Some thoughts for your horse pasture even though you didn't ask (I am primarily a horse person and most of my mud-control [or mud-out-of-control] experience is from that sort of thing):

It sounds like what you desperately need is an all-weather sacrifice pen, a smaller paddock (can be subdivided out of this acre if no other land is available) that you've put some money and work into making so it will NOT get muddy and the horse can be confined there a) when the pasture is too soft and will be damaged by hooves or b) when the pasture is going to get overgrazed if you don't limit the horse's access.

In general what you would be doing is making friends with someone with a bobcat, tractor-with-blade-on-front, or other small earthmoving equipment; removing all topsoil from the designated area, and grading the subsoil to a slope or crowned configuration; then putting on 4-6" compacted depth (or more) of 3/4"-minus gravel, machine-compact the living daylights out of it as if you were building a commercial parking lot or public gravel road, then add 4-6" of sand or pea gravel or suchlike on top of it. (Some people will use hogfuel/tree-chippings instead, but this can backfire in many situations so you would want to have thought that thru very carefully). Add a shed for shelter (preferably with rubber matting on at least some of the floor, so you can feed your hay there without the horse eating sand) and there ya go.

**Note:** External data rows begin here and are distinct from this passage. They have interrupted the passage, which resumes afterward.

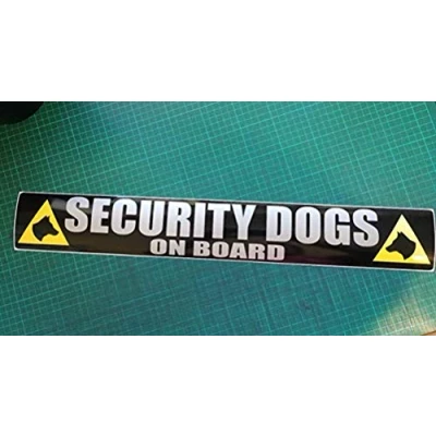 1 x Security dogs on board magnet 620x90mm , Silver text on a black background with 2 yellow dog heads All hand made to order so can be fully customised Very noticeable and very sharp looking High grade fully waterproof magnet Very Easy to read at distance, and easy to fit and remove for as and when you need it
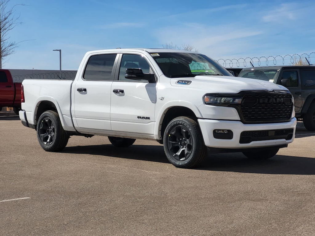 BIG HORN LEVEL 2 EQUIPMENT GROUP SiriusXM Radio Service, Power Adjustable Pedals, Leather Wrapped Steering Wheel, 12 Touchscreen Display, Glove Box Lamp, Auto Power-Folding Mirrors, 115V Auxiliary Rear Power Outlet, Media Hub w/2 Charge Only USBs, Heated Front Seats, Security Alarm, Black Premium Power Mirrors, Premium Overhead Console, 9 Amplified Speakers w/Subwoofer, Disassociated Touchscreen Display, Body Color Fender Flares, Remote Tailgate Release, 115V Auxiliary Power Outlet, LED Dome Lamp w/On/Off Switch, Universal Garage Door Opener, 2nd Row In Floor Storage Bins, Sun Visors w/Illuminated Vanity Mirrors, LED Footwell Lighting, Rear Window Defroster, Rear View Auto Dim Mirror, Rear Power Sliding Window, GPS Navigation, Overhead LED Lamps, Wheels: 20 x 9 Aluminum Chrome Clad, ENGINE: 5.7L V8 HEMI MDS VVT ETORQUE Active Noise Control System, Heavy Duty Engine Cooling, Passive Tuned Mass Damper, GVWR: 7,100 lbs, Dual Rear Exhaust w/Bright Tips, G/T Exhaust, 18 Aluminum Spare Wheel, DUAL-PANE PANORAMIC SUNROOF Dome Dual LED Reading Lamp, NIGHT EDITION Tires: 275/55R20 OWL All Season, Bridgestone Brand Tires, Accent Color Premium Power Mirrors, Exterior Mirrors w/Supplemental Signals, Black Headlamp Bezels, Exterior Mirrors Courtesy Lamps, Grille Black Surround Black Mesh, Auto Power-Folding Mirrors, Wheels: 20 x 9.0 Aluminum Painted Clad, Auto Dim Exterior Driver Mirror, Black Exterior Truck Badging, Anti-Spin Differential Rear Axle, Accent Color Door Handles, Accent Color Tailgate Handle, Black Interior Accents, Dual Exhaust w/Black Tips, Body Color Front Bumper, Body Color Rear Bumper w/Step Pads, Black Tail Lamp Bezels, RAM Grille Badge - Black, Black Painted Exterior Mirrors Caps, BED UTILITY GROUP MOPAR Spray In Bedliner, MOPAR 4 Adjustable Cargo Tie-Down Hooks, Pick-Up Box Lighting, Exterior 115V AC Outlet, MOPAR FRONT & REAR RUBBER FLOOR MATS, TRANSMISSION: 8-SPEED AUTOMATIC (8HP75). Ram Big Horn with Bright White Clearcoat exterior and Black interior features a 8 Cylinder Engine with 395 HP at 5600 RPM*.
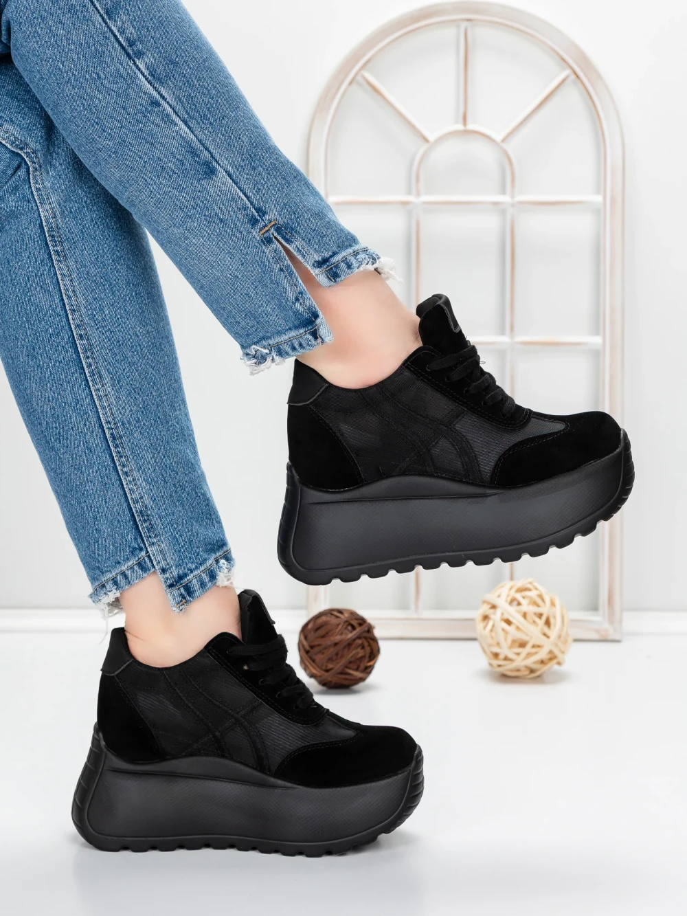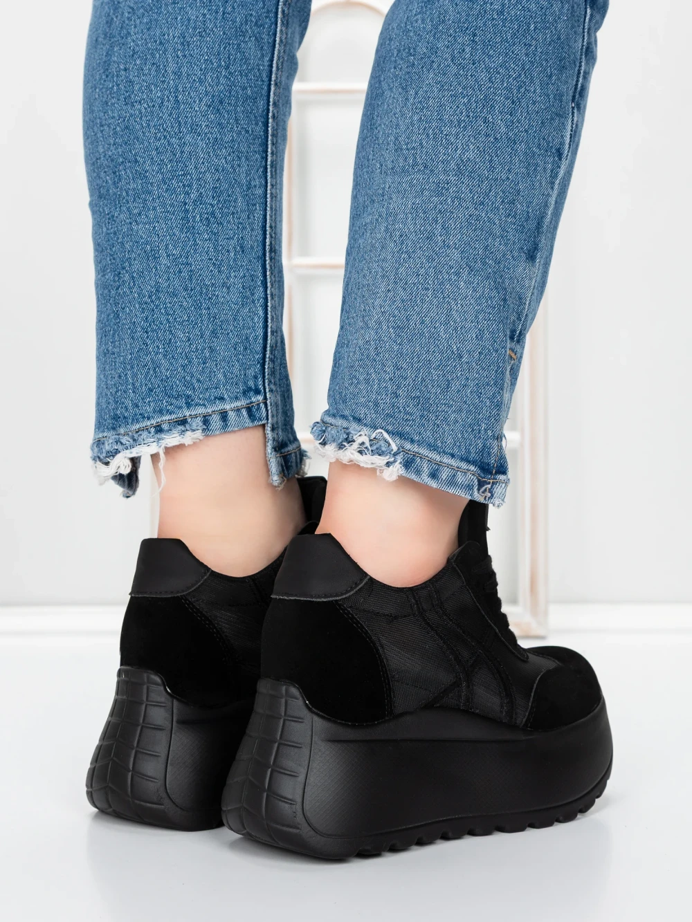Pantofi Sport Dama cu Platforma 3591-6 Negru | Mei
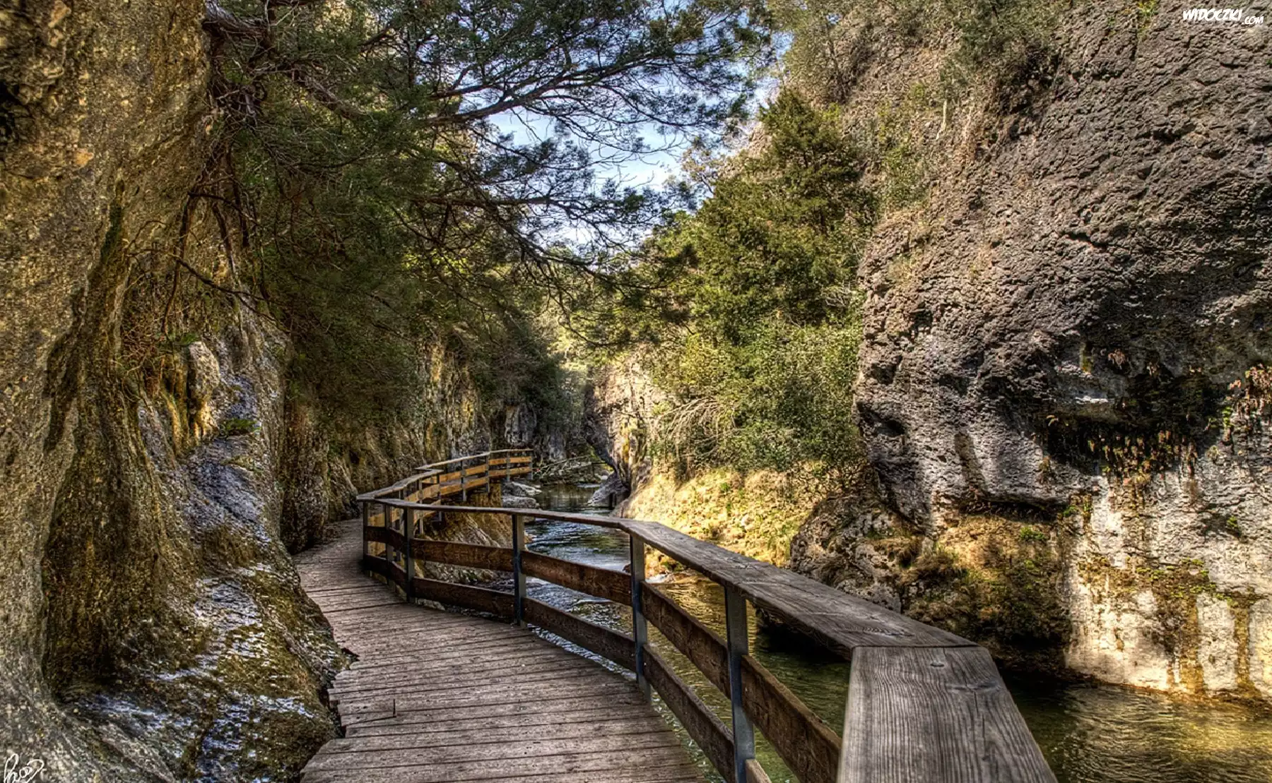 Zdjęcia, Skały, Drewniany, Mostek, Rzeka
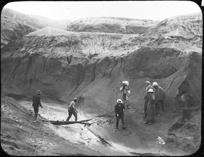 | Keywords: Rozeau Dry River. Boiling mud. YORYM-TA0098.jpg Three slides one negative and one print Man crossing bridge of tree trunks across river of boiling mud River has eroded a gorge in ash deposits Seven male figures can be seen They appear to be equiped for wet weather capes hats and umbrellas The man second from right is probably J S Flett depicted people Possibly John Flett depicted place Rozeau Saint Vincent 1902 Black and White glass Lantern slide Institution Yorkshire Museum Natural History object history exhibition history credit line Yorkshire Museum York Museums Trust accession number YORYM TA98 The Tempest Anderson Photographic Archive held at York Museums Trust <br> York Museums Trust image PD-old-100 PD-US Uploaded with UploadWizard Images from the Tempest Anderson Collection vulcanology |

You can then control the horse's access to the pasture so as to limit it to what the pasture can reasonably-sustainably support.

If the pasture is catching runoff from higher ground, it can also be worthwhile, perhaps while you have a machine there preparing the site for your all-weather sacrifice pen, or if you want to spend an hour or two a day with a shovel for a good long while, to dig a diversion ditch uphill of your pasture, so that more fo the water goes *around* rather than thru the area. This is more fruitful in some sites than others of course, but always worth considering.